Video Transcript
Which of the following is the
correct relation between the angles of triangle 𝐴𝐵𝐶? Option (A) the measure of angle 𝐴
is greater than the measure of angle 𝐵 is greater than the measure of angle 𝐶. Option (B) the measure of angle 𝐵
is greater than the measure of angle 𝐴 is greater than the measure of angle 𝐶. Option (C) the measure of angle 𝐶
is greater than the measure of angle 𝐵 is greater than the measure of angle 𝐴. Option (D) the measure of angle 𝐴
is greater than the measure of angle 𝐶 is greater than the measure of angle 𝐵. Or is it option (E) the measure of
angle 𝐶 is greater than the measure of angle 𝐴 is greater than the measure of
angle 𝐵?
In this question, we are given the
side lengths of a triangle, 𝐴𝐵𝐶. And we are asked to use this to
determine the correct relationship between the measure of its interior angles.
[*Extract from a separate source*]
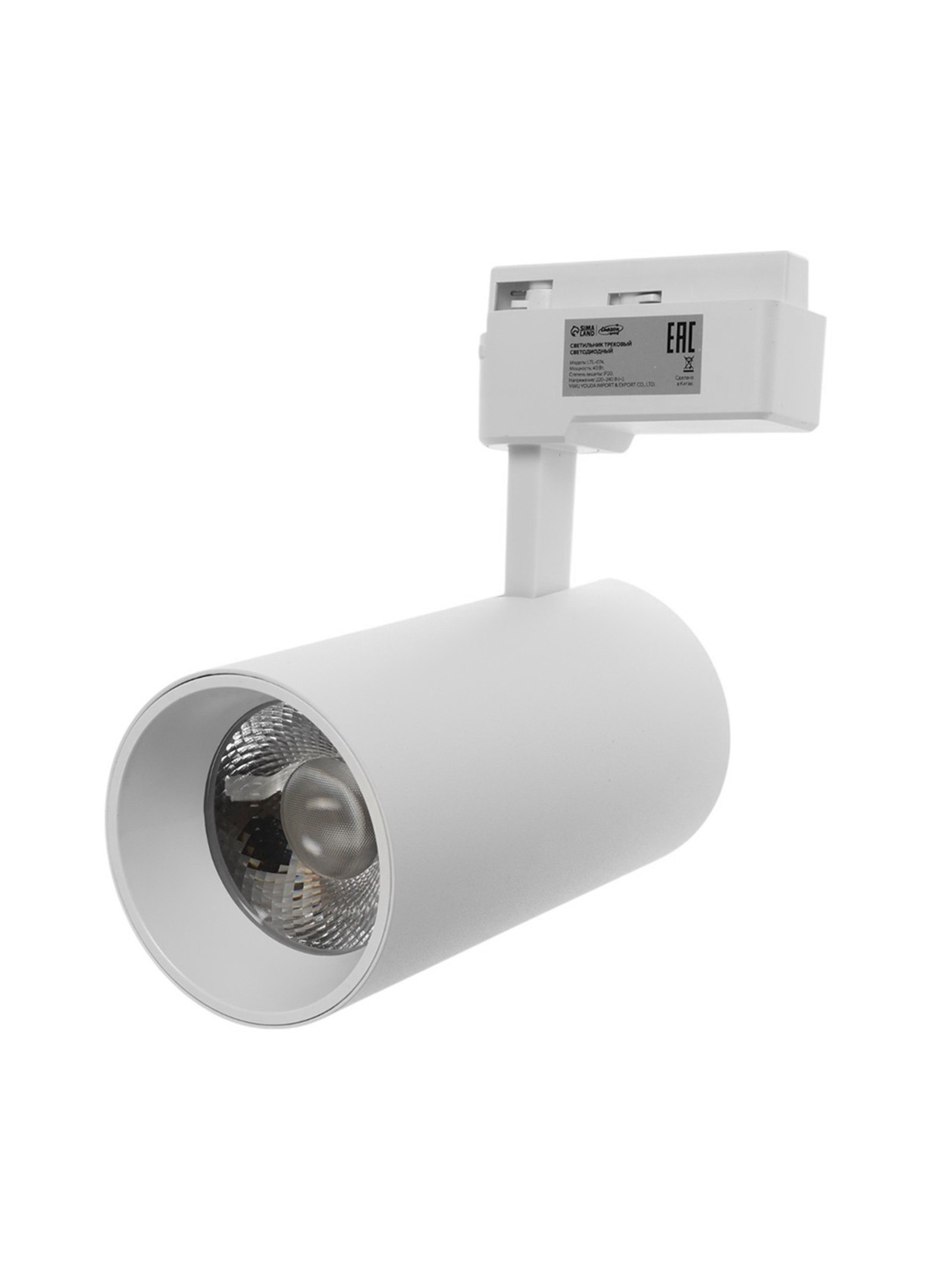 Трековый светильник Luazon lighting LTL-074, 40 Вт, 3400 Лм, 6500К, белый, свечение холодное белое, 7.5x7.5x16.8 см., Китай

Since we want to compare the
measures of the interior angles of the triangle by using the side lengths, we can
recall the angle comparison theorem in triangles. This tells us that in any triangle,
the angle opposite the longer side will have measure larger than an angle that is
opposite a shorter side. This means that we can compare the
measures of the interior angles of a triangle by comparing the lengths of the sides
opposite the angle.
In this triangle, we can see that
side 𝐵𝐶 is the longest, with length 29.7. We then see that side 𝐴𝐵 is the
next longest, with length 21.3. Finally, side 𝐴𝐶 is the shortest,
with length 21.
We can then use this, combined with
the angle comparison theorem in triangles, to compare the measures of the interior
angles. Remember, the angle opposite the
longer side will have larger measure. We see that angle 𝐴 is opposite
the longest side, so it has the largest measure. And we see that angle 𝐶 is
opposite the second-longest side, so it has the second-largest measure. Finally, we can see that angle 𝐵
is opposite the shortest side, so it has the smallest measure. This gives us that the measure of
angle 𝐴 is greater than the measure of angle 𝐶 is greater than the measure of
angle 𝐵, which we can see is option (D).